И я растолковал Азацису, что хотя мы с ним заключенные, но нас со всех сторон окружают вольные. Это наши девушки-лаборантки — они привезены из сибирских таежных сел, и им заранее обещали, что они увидят в Норильске северную столицу, не уступающую по культуре и устройству быта лучшим городам страны. И еще им пообещали, уже в Норильске, что они будут работать хотя и с заключенными, злыми врагами нашего трудового народа, но зато с настоящими специалистами, крупными в целой стране знатоками своего дела. И что это счастье для них — попасть под начальство таких нехороших, но ценных людей, учиться у них, перенимать их знания и умения. И результат: явившись в лабораторию, в другие учреждения, заполненные заключенными, они готовы выполнить любое наше указание, слушают нас, раскрыв рты. Да и не только они, девчонки и парни из лесных деревень!
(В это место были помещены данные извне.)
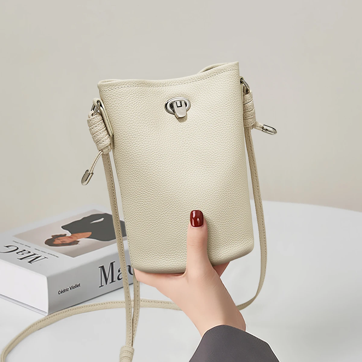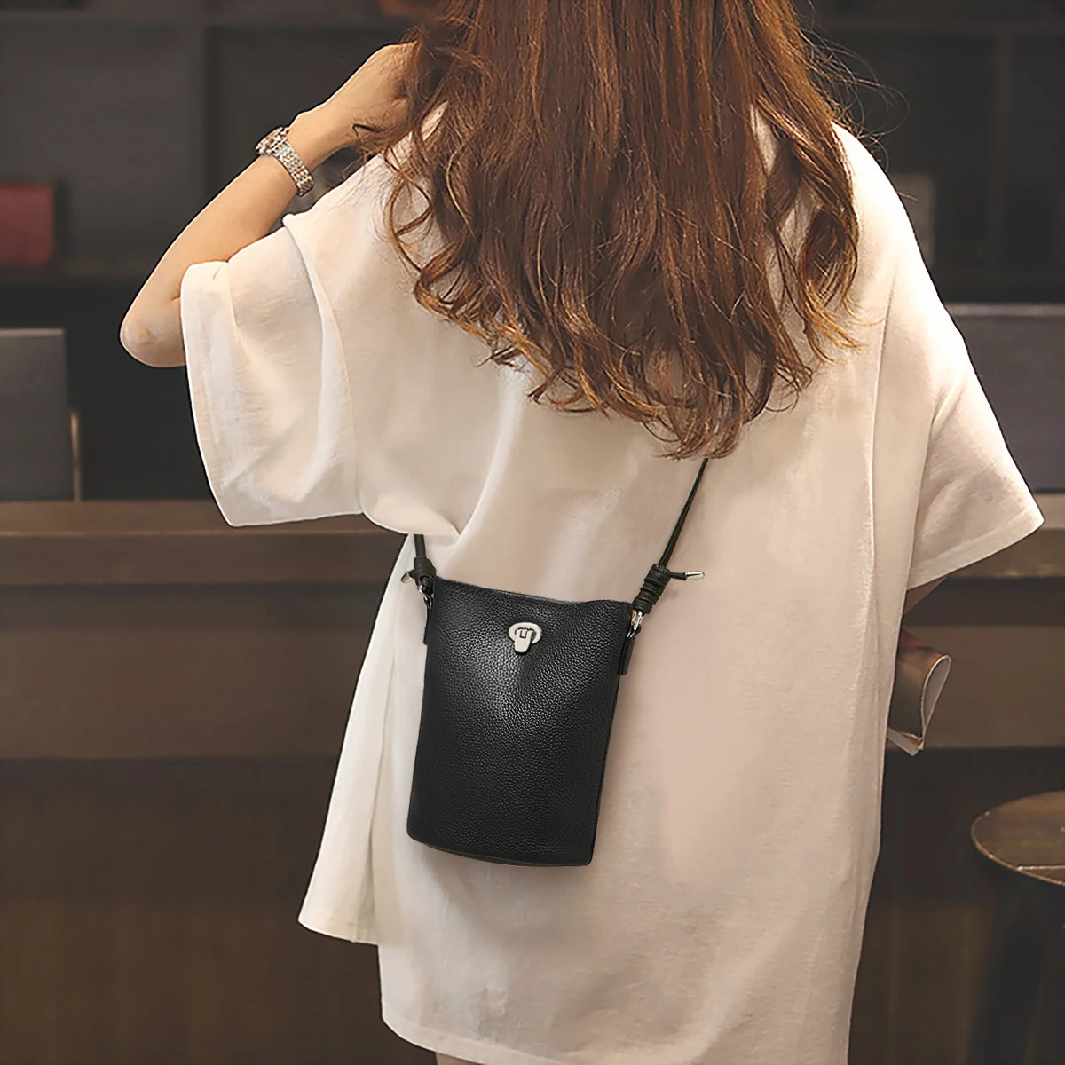 Women's 2026 New Slanted Shoulder Bag Trendy Girl Cowhide Leather Small Mini Phone Women's Bucket Crossbody Bag Wholesale
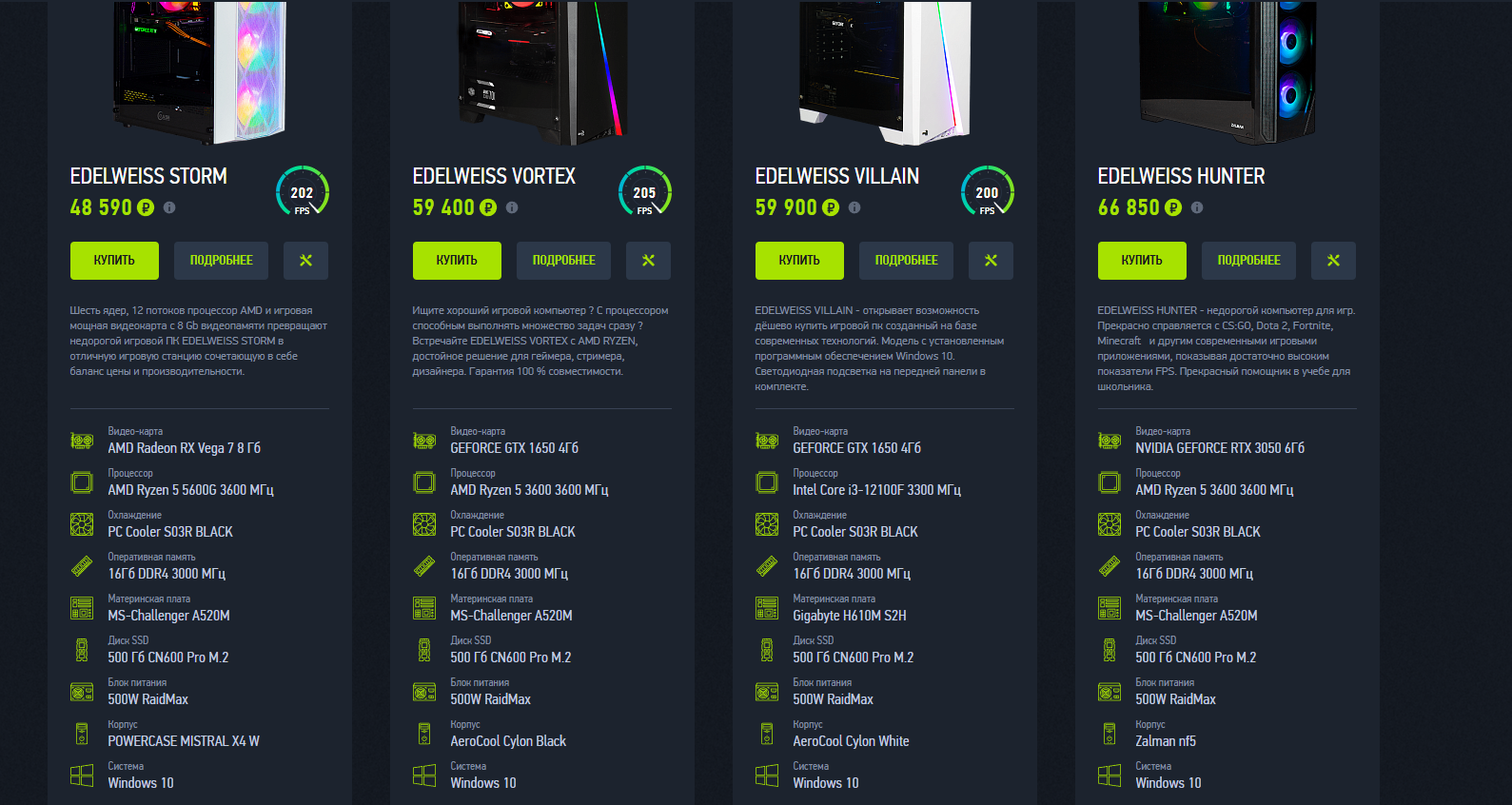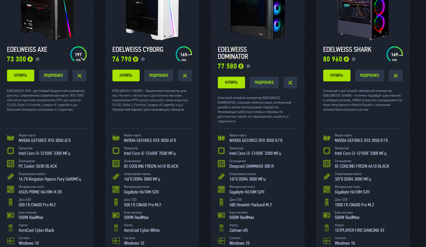 Планирую взять в ближайшем будущем комп, хочу готовую сборку, без раздумий. При поиске наткнулся на компанию эдельвейс. Норм ваще компания и стоит ли брать там готовую сборку? Если да, то какой из этих вариантов самый охуенный для работы и поигрываний? Пока смотрю в сторону железа с 32 гигами оперативы

Наши руководители из коренных вольных тоже ведь понимают, что им выпала редкая удача — общаться со специалистами из столичных городов, и надо, пока те в их подчинении, перенять все, чего они в своей специальности достигли, а также общую их культуру. Начальник нашей центральной химической лаборатории Ефим Григорьевич Мышалов как-то сказал нам — мне, химикам Алексе-евскому, Винеру, Заостровской:. «Друзья, мне стыдно, что я на воле, а такие, как вы, в заключении». Вот что за люди нас окружают, Азацис! Неприлично появляться перед ними грязным, завшивленным, скверно пахнущим. Мы обязаны держать себя в чистоте, даже если придется пожертвовать какой-то частью своей продовольственной пайки. Я заплатил за кусок туалетного мыла и флакончик одеколона премиальной банкой американской тушенки и полпачкой махорки. Почему бы и вам не сделать этого?
И я закончил строгим наставлением:
— Завшивленных и провонявших я в лаборатории не потерплю. Учтите это в дальнейшем, Азацис. Претензий на вас в этом смысле не должно ко мне поступать.
Азацис принял к исполнению все мои требования. Но, к сожалению, пошел дальше их — и это привело его к окончательному падению. Он отделался от паразитов, и хотя одеколона не завел, но разжился настоящим мылом, вместо той зеленой полужижи, полутеста, которую нам тогда выдавали в бане. Зато, усердно улучшая свою внешность, он стал присматриваться к внешности наших лаборантов. Мужчины, слесари и прибористы, его не интересовали — все по-мужски всклокоченные, мятые, часто рваные, далеко не всегда чистые — заключенных 154 все же насильно водили в баню раз в неделю, а наши вольные парни ограничивались собственными потребностями в чистоте, а потребности не у всех были настоятельны и одинаковы. Зато на вольных девушек Азацис «положил глаз» и обнаружил, что нарядами ни одна не блистает, но у стенного зеркала каждая выстаивает по десятку раз в смену: изучает свои гримасы и мины, то приглаживает, то распатлывает волосы, высматривает непорядок на щеках, а те, что постарше, красят себе губы красными химическими карандашами — с начала войны, по слухам, даже на материке исчезла губная помада, а о заполярном Норильске и говорить не приходилось. И, естественно, он скоро сообразил, что на стремлении женщин к красоте можно неплохо разжиться, если хорошо постараться.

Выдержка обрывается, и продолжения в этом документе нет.